Your task: This exercise calls for an exact copy of the listing, with no pictures kept.
** Opening Given information block **
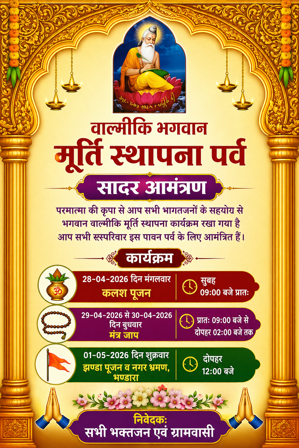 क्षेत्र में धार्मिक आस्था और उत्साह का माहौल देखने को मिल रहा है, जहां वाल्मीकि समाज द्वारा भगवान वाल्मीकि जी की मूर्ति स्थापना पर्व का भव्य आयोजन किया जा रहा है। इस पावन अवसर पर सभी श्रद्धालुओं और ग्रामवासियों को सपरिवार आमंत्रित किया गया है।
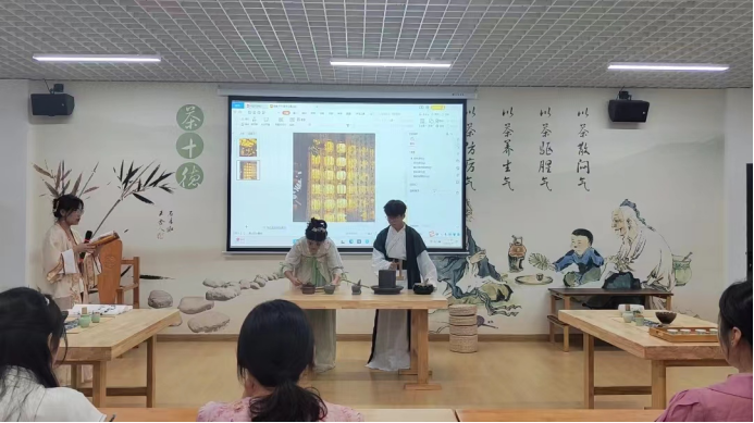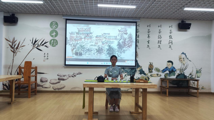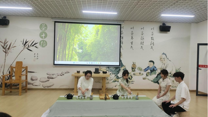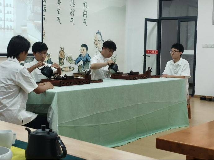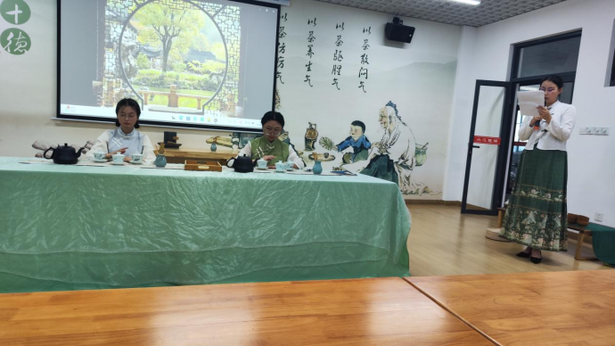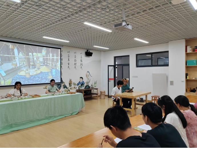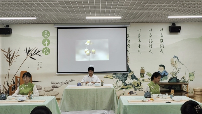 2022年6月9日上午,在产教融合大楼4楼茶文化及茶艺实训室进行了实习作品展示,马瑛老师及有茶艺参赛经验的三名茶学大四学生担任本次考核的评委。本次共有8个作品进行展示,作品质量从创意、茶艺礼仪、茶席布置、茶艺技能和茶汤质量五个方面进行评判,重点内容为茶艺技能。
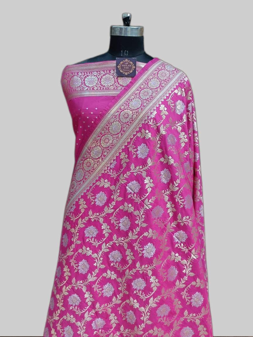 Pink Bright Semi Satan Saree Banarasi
** Closing Given information block **
Response:
 क्षेत्र में धार्मिक आस्था और उत्साह का माहौल देखने को मिल रहा है, जहां वाल्मीकि समाज द्वारा भगवान वाल्मीकि जी की मूर्ति स्थापना पर्व का भव्य आयोजन किया जा रहा है। इस पावन अवसर पर सभी श्रद्धालुओं और ग्रामवासियों को सपरिवार आमंत्रित किया गया है।
 2022年6月9日上午,在产教融合大楼4楼茶文化及茶艺实训室进行了实习作品展示,马瑛老师及有茶艺参赛经验的三名茶学大四学生担任本次考核的评委。本次共有8个作品进行展示,作品质量从创意、茶艺礼仪、茶席布置、茶艺技能和茶汤质量五个方面进行评判,重点内容为茶艺技能。
 Pink Bright Semi Satan Saree Banarasi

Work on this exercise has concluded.